- **RECORDS FOR THIS TASK**
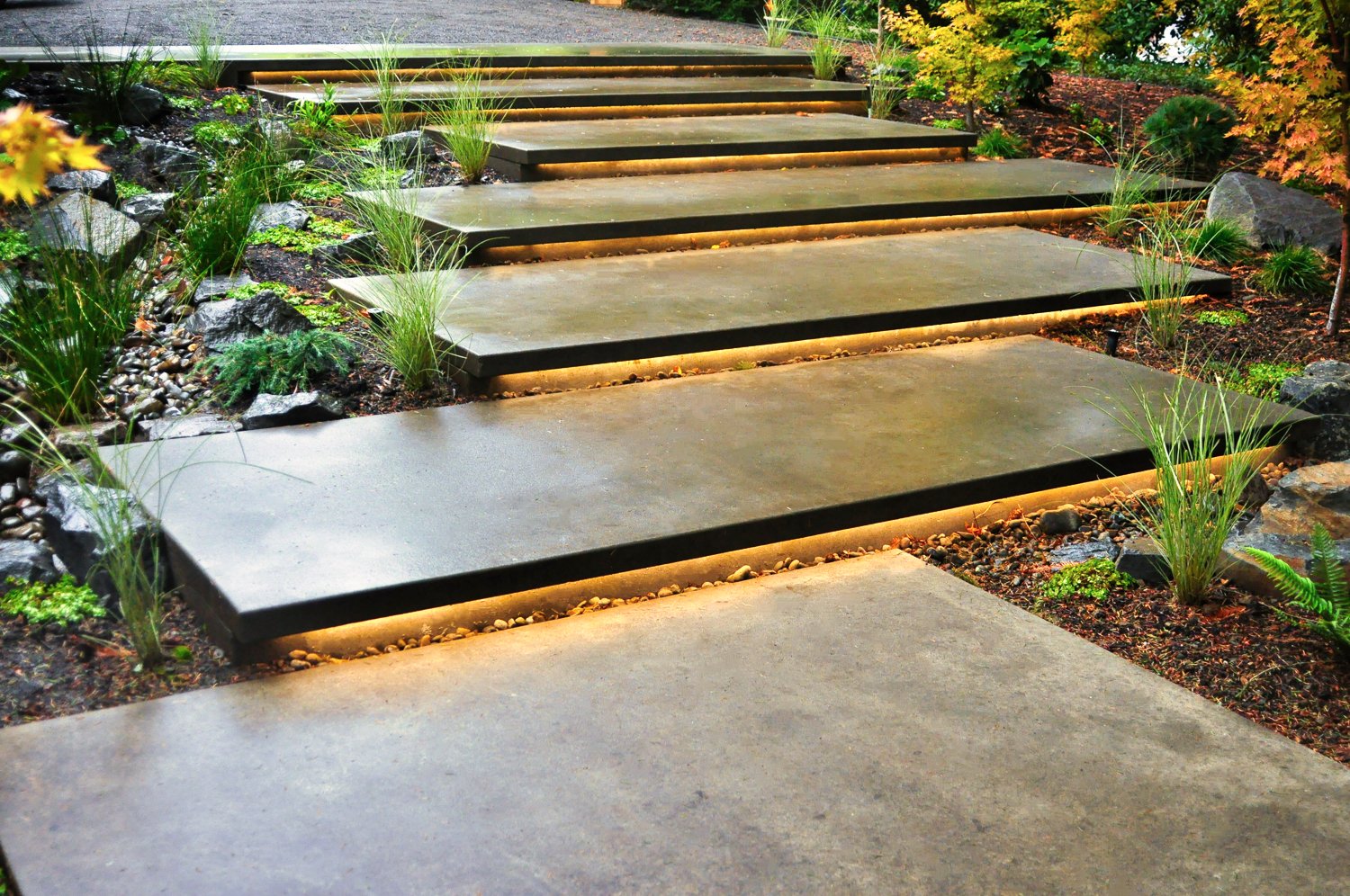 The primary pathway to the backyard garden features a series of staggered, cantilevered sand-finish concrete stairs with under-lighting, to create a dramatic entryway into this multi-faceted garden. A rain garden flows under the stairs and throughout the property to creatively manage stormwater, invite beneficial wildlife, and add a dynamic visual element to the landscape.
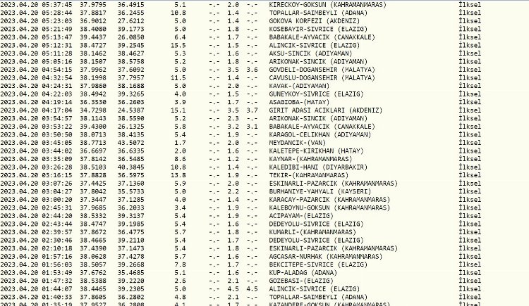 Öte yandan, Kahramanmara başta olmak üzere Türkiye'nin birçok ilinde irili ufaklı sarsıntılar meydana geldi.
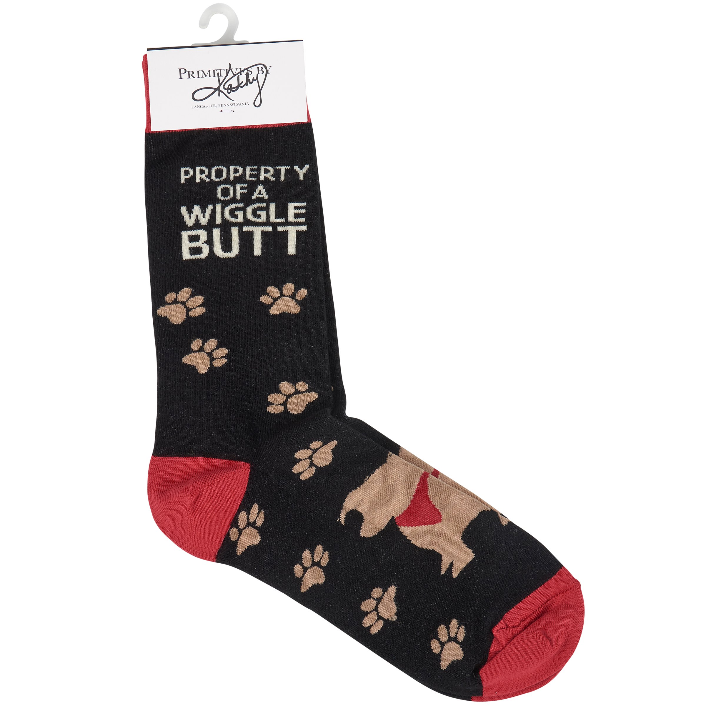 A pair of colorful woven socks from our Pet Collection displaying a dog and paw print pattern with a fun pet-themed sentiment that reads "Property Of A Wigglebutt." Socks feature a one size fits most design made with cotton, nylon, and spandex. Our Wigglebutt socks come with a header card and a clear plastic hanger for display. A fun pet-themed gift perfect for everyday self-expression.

* * *

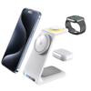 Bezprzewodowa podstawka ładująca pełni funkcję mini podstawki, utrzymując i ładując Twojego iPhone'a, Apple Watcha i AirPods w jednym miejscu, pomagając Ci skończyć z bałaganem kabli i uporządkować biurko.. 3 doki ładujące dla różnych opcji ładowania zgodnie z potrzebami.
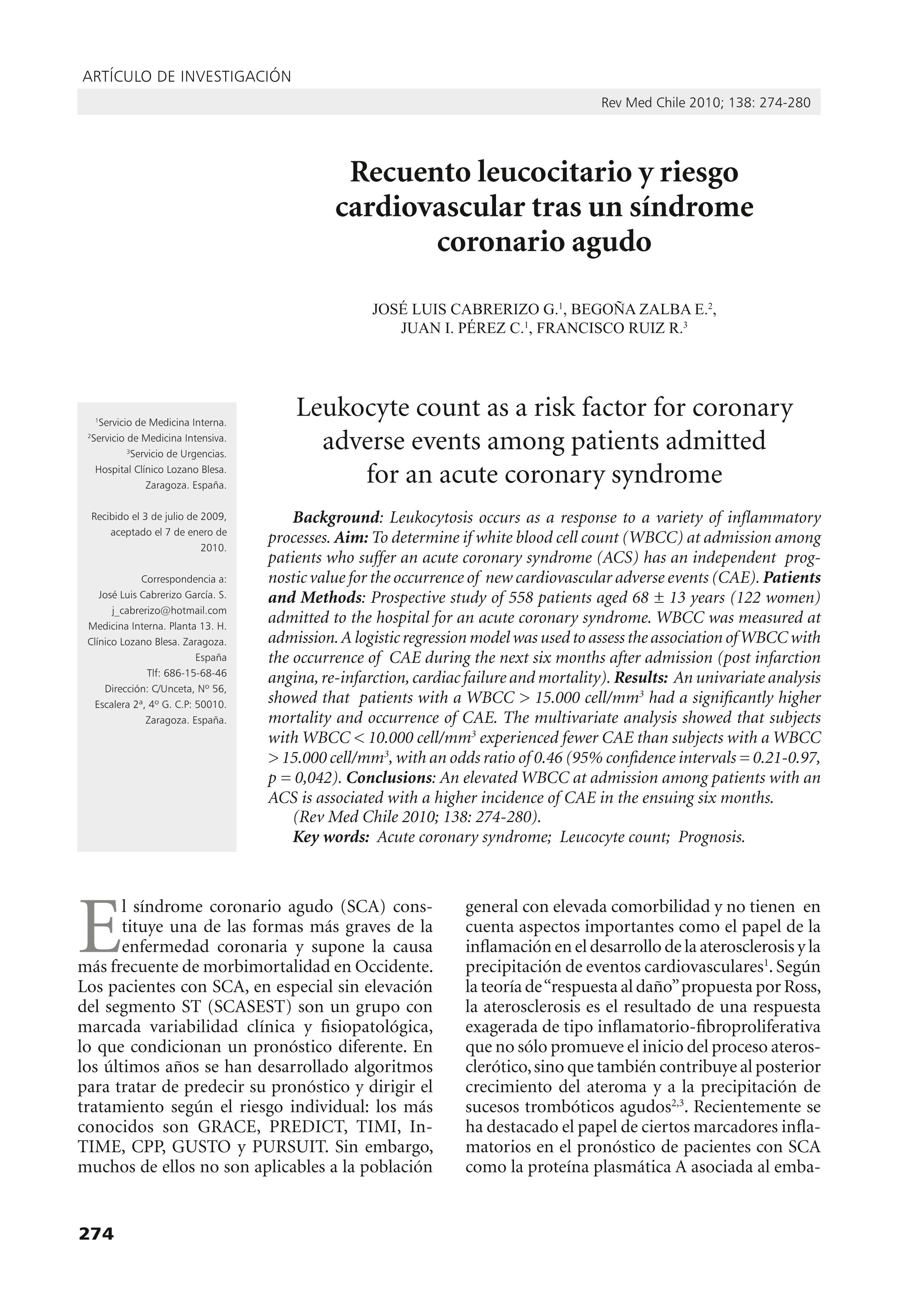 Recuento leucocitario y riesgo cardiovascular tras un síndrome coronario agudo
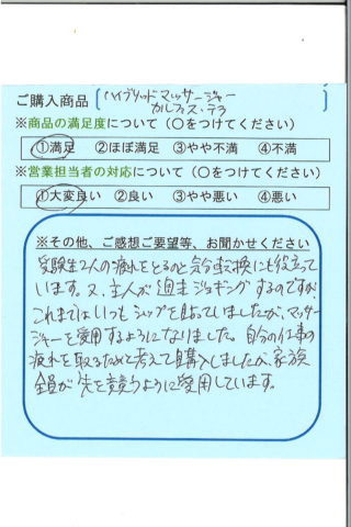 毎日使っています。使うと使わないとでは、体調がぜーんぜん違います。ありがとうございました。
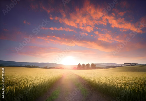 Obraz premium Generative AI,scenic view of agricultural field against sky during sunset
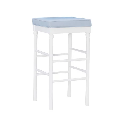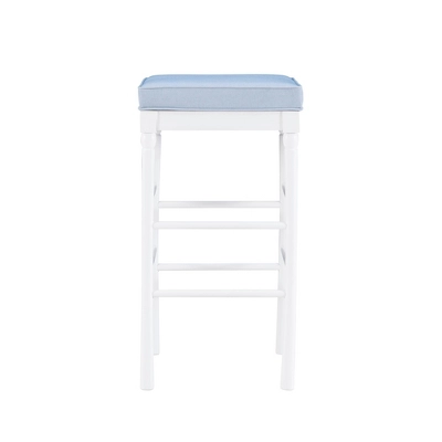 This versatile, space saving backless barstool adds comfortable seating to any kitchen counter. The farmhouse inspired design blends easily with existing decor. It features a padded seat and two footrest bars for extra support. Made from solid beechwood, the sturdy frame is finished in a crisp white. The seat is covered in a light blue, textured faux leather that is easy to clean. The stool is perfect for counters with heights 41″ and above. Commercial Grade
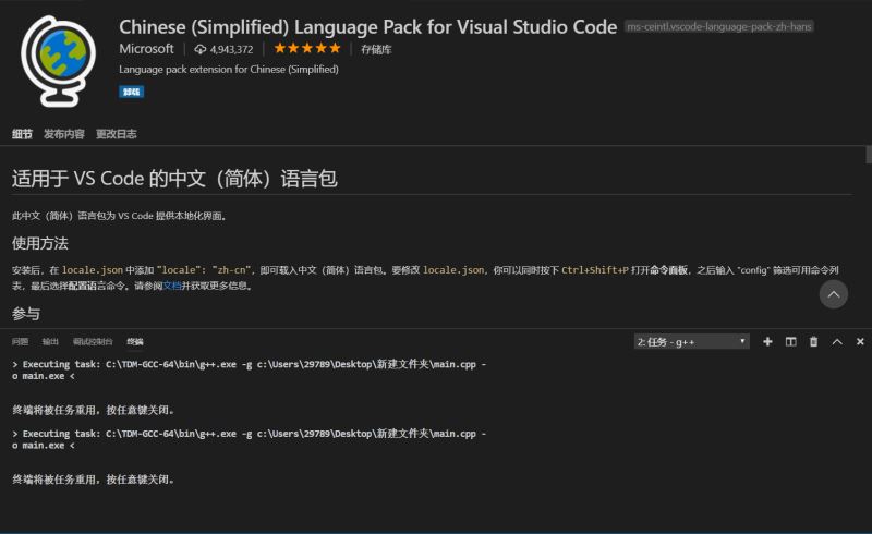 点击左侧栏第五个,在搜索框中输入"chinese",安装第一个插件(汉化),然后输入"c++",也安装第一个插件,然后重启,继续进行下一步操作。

- **WHAT IS REQUIRED**
In the data above, take the line with "Recuento leucocitario y", the line with "Obraz premium Generative", and every line between, and set them down exactly without pictures.

- **TASK OUTPUT**
 Recuento leucocitario y riesgo cardiovascular tras un síndrome coronario agudo
 毎日使っています。使うと使わないとでは、体調がぜーんぜん違います。ありがとうございました。
 Obraz premium Generative AI,scenic view of agricultural field against sky during sunset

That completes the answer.